Los Angeles Protests: Together We Have the Power to Stand Up to ICE and All of the Attacks Against Us

As the Trump administration continues to escalate its aggressive attack on immigrants across the country, working-class communities have been left on their own to defend themselves. As the Democrats continue to offer little more than feckless words of opposition, the protests in Los Angeles have shown that the so-called guardrails to this administration — the courts, the constitution, Congress — are ineffective in limiting Trump’s authoritarian overreach. In fact, the intensification of assaults on immigrant communities has made clear that there are no guardrails in their system. The only guardrails are us — the organized masses of working people, standing up and standing together in our communities to keep each other safe.

These raids in Los Angeles come after weeks of similar attacks in other areas of California and around the country. A week earlier, some two dozen masked Immigration and Customs Enforcement (ICE) agents dressed in tactical gear in armored vehicles, descended on a residential area of downtown San Diego, CA, and raided a restaurant, arresting 19 workers. People in the neighborhood quickly responded and surrounded the officers and their vehicles in protest. ICE agents fired flash-bang grenades to disperse the crowd, and were able to get away and make some arrests. Over the past several weeks, ICE has been increasingly confronted by organized crowds of protestors all across the country from Minneapolis to Chicago to Ohio, and now in Los Angeles, the second largest city in the country, with one of the largest immigrant populations.

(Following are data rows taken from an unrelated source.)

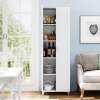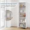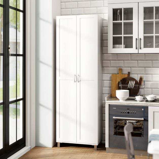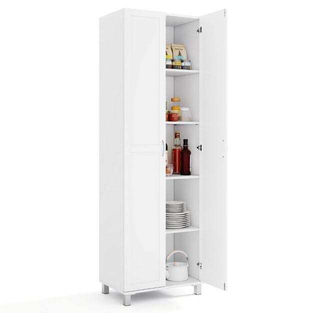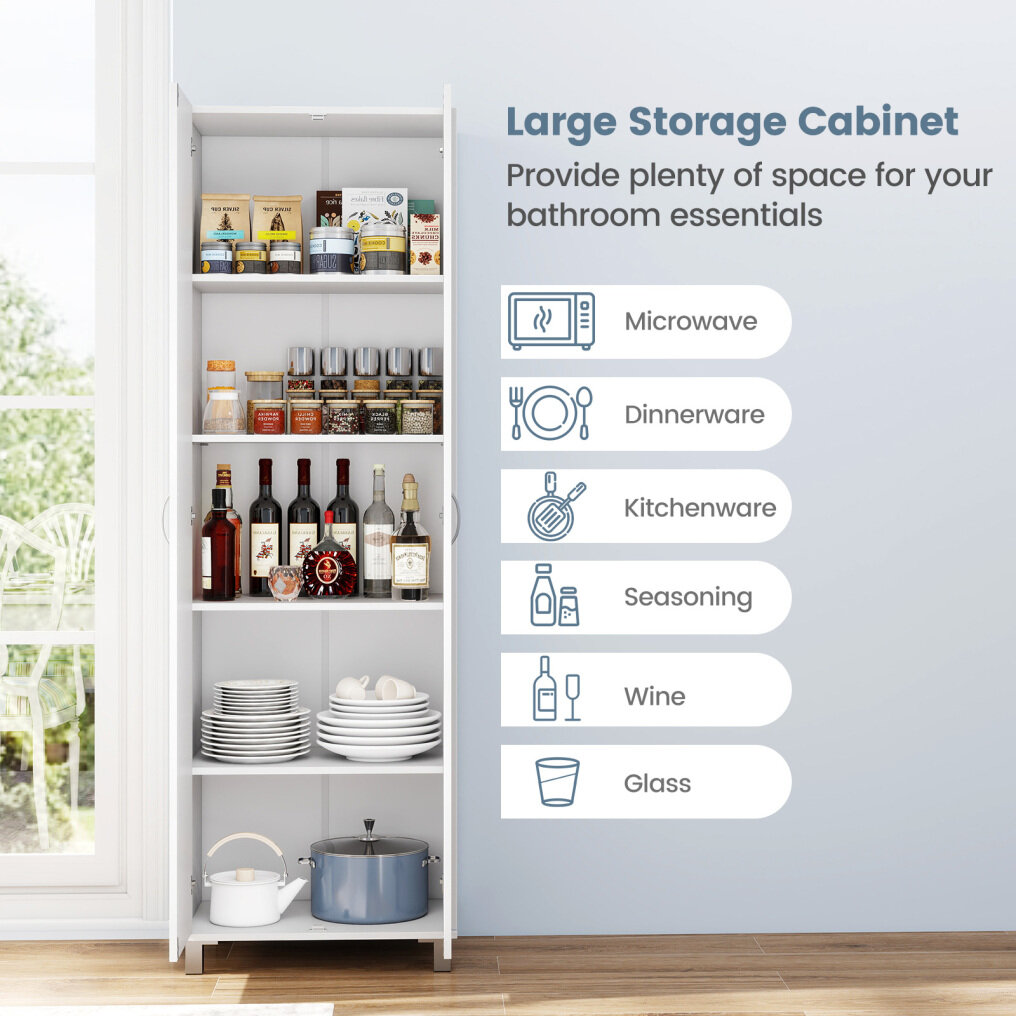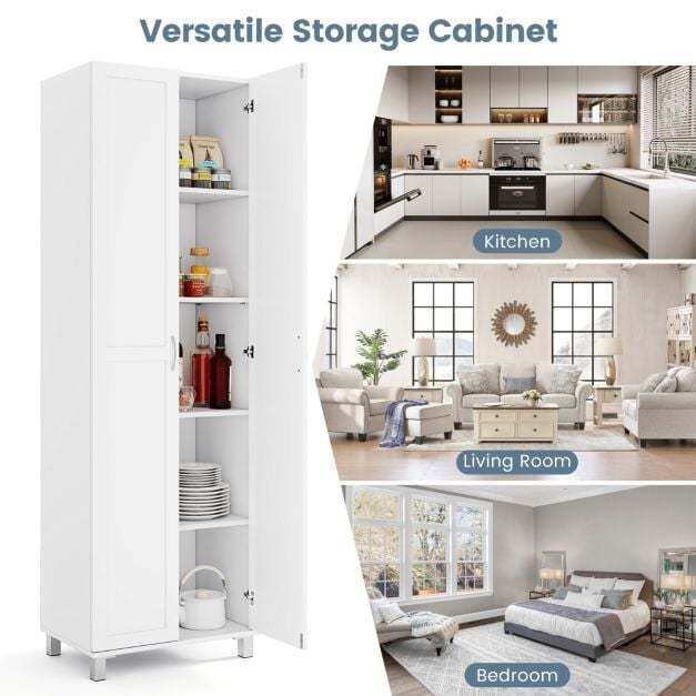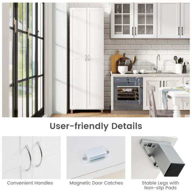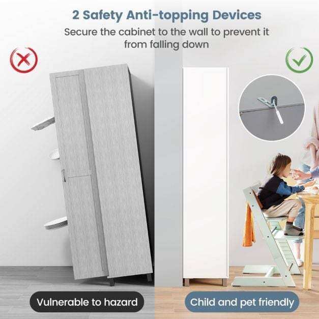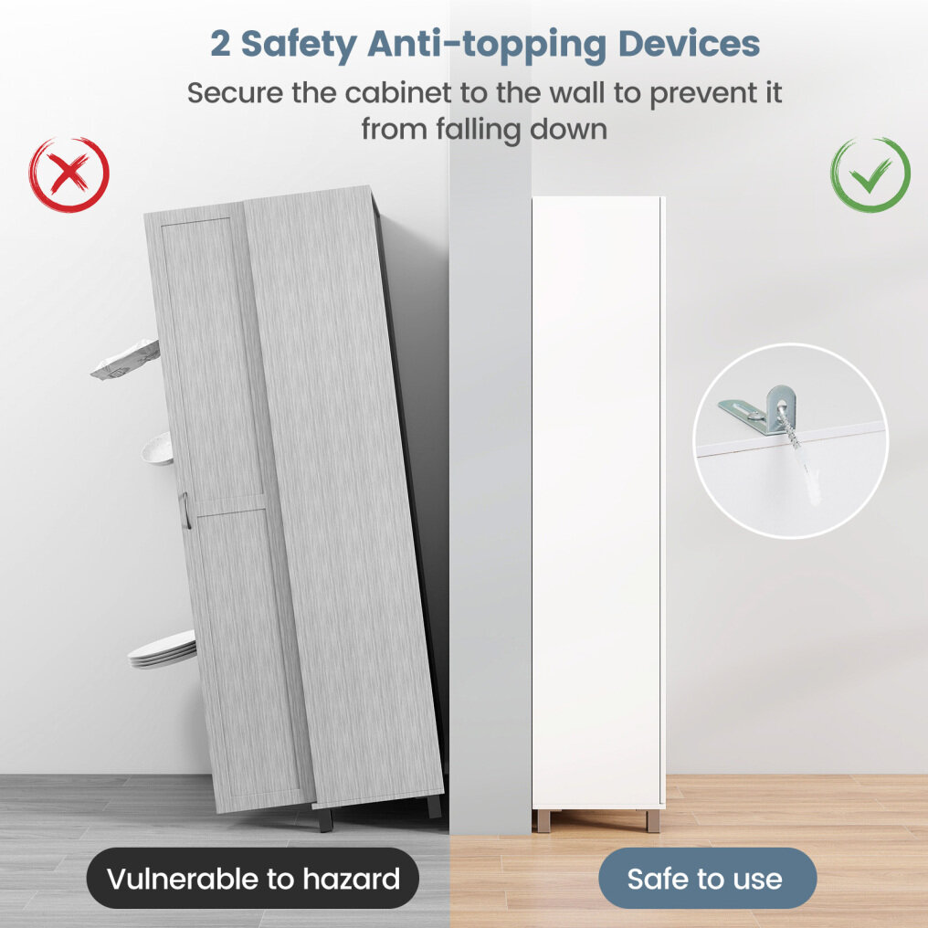 Ultra Stable and Rugged Structure: Made of thick engineered wood and MDF, our floor cabinet shows perfect performance in lasting durability. Besides, equipped with anti-toppling device, the pantry cabinet can be fixed to the wall to prevent wobbling or tipping over. 4 heavy-duty support legs further enhance stability.
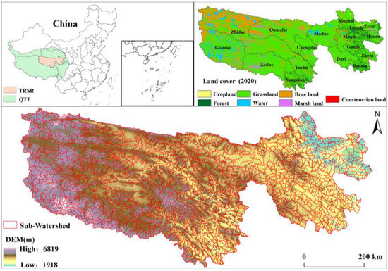 The TRSB is located in the northeast region of the Qinghai-Tibet Plateau (31.39°~36.12° N, 89.45°E ~102.23°E), covering an area of approximately 370,000 km2. It is the birthplace of the Yangtze River, Yellow River, and Lancang River (Figure 1). The region is characterized by a diverse array of land types, predominantly grasslands, which account for about 70% of the area, along with an extensive distribution of snow-capped mountains, glaciers, rivers, lakes, and wetlands. The topography is complex, primarily consisting of mountains and plateaus, with an average altitude of approximately 4500 m, gradually rising from southeast to northwest, making it one of the world’s most biodiverse high-altitude natural conservation areas [35]. The climate is characterized as a typical plateau continental climate, with distinct cold and warm season alternations, small annual temperature ranges, large diurnal temperature variations, and intense solar radiation. The average annual temperature varies between −5.4 °C to 4.1 °C, with an annual precipitation of about 470 mm, identifying it as an area sensitive to global climate change [36]. The TRSB is endowed with a unique alpine ecosystem, where its biodiversity and water conservation, among other ESs, play a crucial role in China’s ecological security and sustainable development. However, the ecosystem of this region is sensitive and fragile, posing significant challenges for conservation and restoration. Since the 21st century, the Chinese government has implemented ecological restoration projects such as “Major ecological protection and restoration projects in the TRSB” [37]. Although these initiatives have achieved certain successes, the task of ecological protection in the TRSB remains formidable.
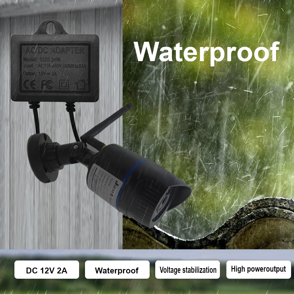 This power adapter is waterproof, making it suitable for use in damp environments like basements and outdoor security cameras.
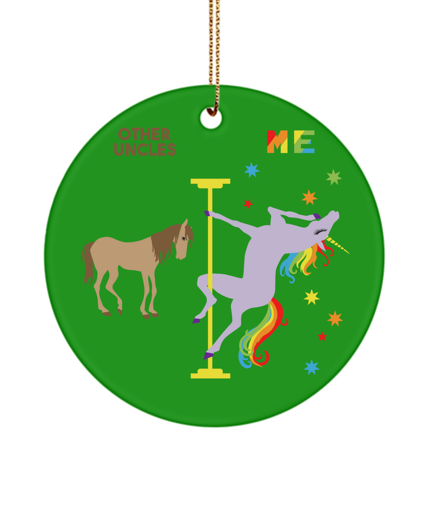 Gay Uncle Rainbow Unicorn Ceramic Christmas Tree Ornament
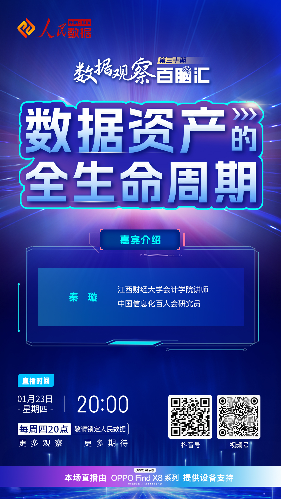 直播海报抢先看,快快扫码预约,每周四晚八点相聚在人民数据视频号!
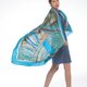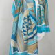 Hand painted scarf. Luxurious silk shawl in modern style. Blue brown geometric composition painted on silk. Birthday gifts for her/ Art lovers gift idea/ Wearable art. Extravagant silk shawl in aqua blue and ocher palette.Geometric scarves. Painted scarves. Extravagant silk shawl wrap. Silk painting by Klara
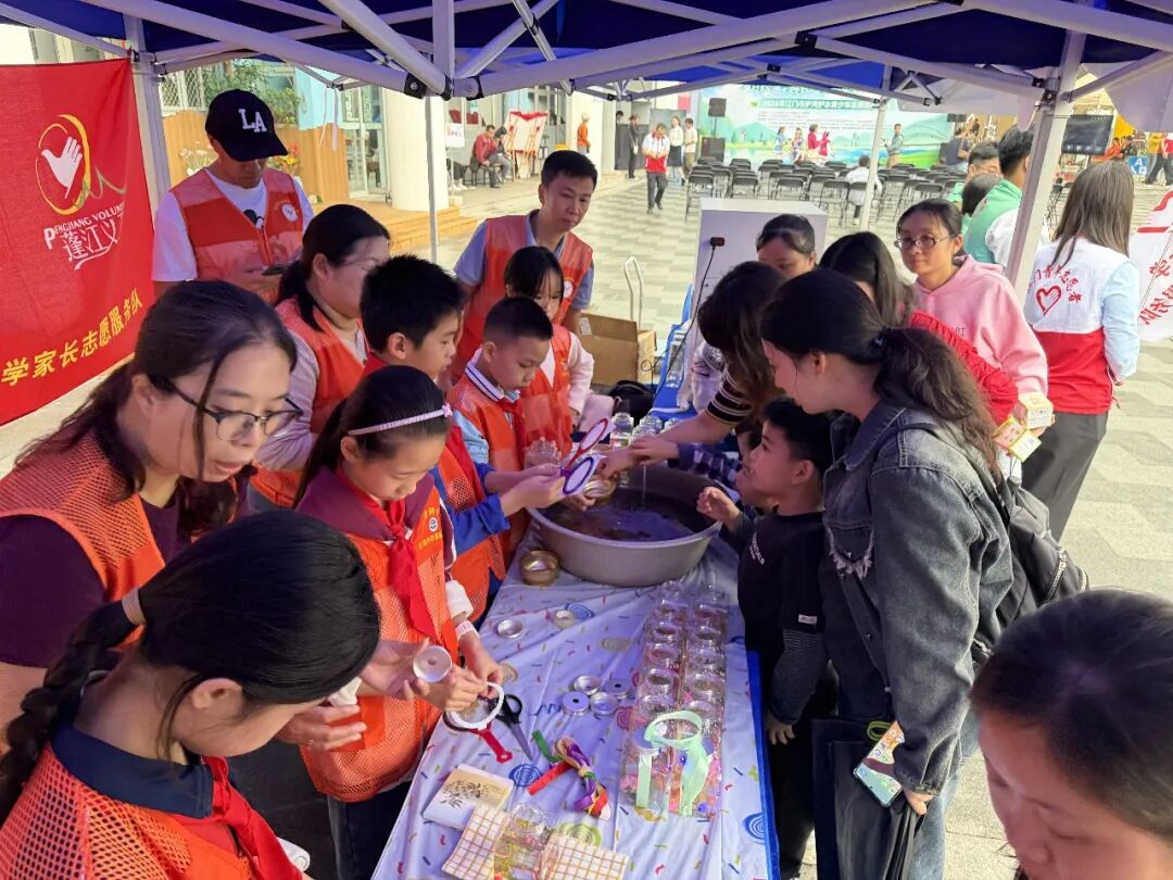 仪式落幕,精彩继续。现场20个护河护水展示摊位即刻开启,热闹的氛围迅速蔓延,现场吸引青少年、社会群众参与超过1000人次。护河护水知识展示区的展板前,青少年们驻足学习,了解治水护水知识;护河护水集市里,水质检测体验、水过滤体验让孩子们亲手感受护水的乐趣,漆扇绘画、水滴主题环保手工坊里,亲子家庭携手创作,将环保理念融入手工制作,护水知识问答、江门碧道拼图等趣味游戏前,孩子们踊跃参与、积极抢答,在欢声笑语中学习护水知识;共绘护河护水主题涂鸦画区域,大家手持画笔,共同勾勒出碧水蓝天、水清岸绿的美好图景,用色彩传递护水初心。

Leading up to the workplace raids on Friday, ICE agents arrested many immigrants as they voluntarily came to scheduled, routine appearances at courthouses up and down the state, tearing apart families, arresting adults and children.

All of this came to a head last Friday, as ICE agents descended on several working class areas of downtown and central Los Angeles, areas known for their large immigrant working-class populations, with workplaces that employ mostly immigrant workers. ICE targeted workers at several clothing companies in the downtown Fashion District, at Home Depot stores, where day laborers gather looking for work, and several other businesses throughout L.A. Workers were often snatched and dragged away into unmarked vans without any warnings or verification of their identity. ICE arrested 118 people last week alone on supposed immigration charges, according to the Department of Homeland Security. These raids were a clear provocation of communities in Los Angeles, likely intended to make an example of communities that resist.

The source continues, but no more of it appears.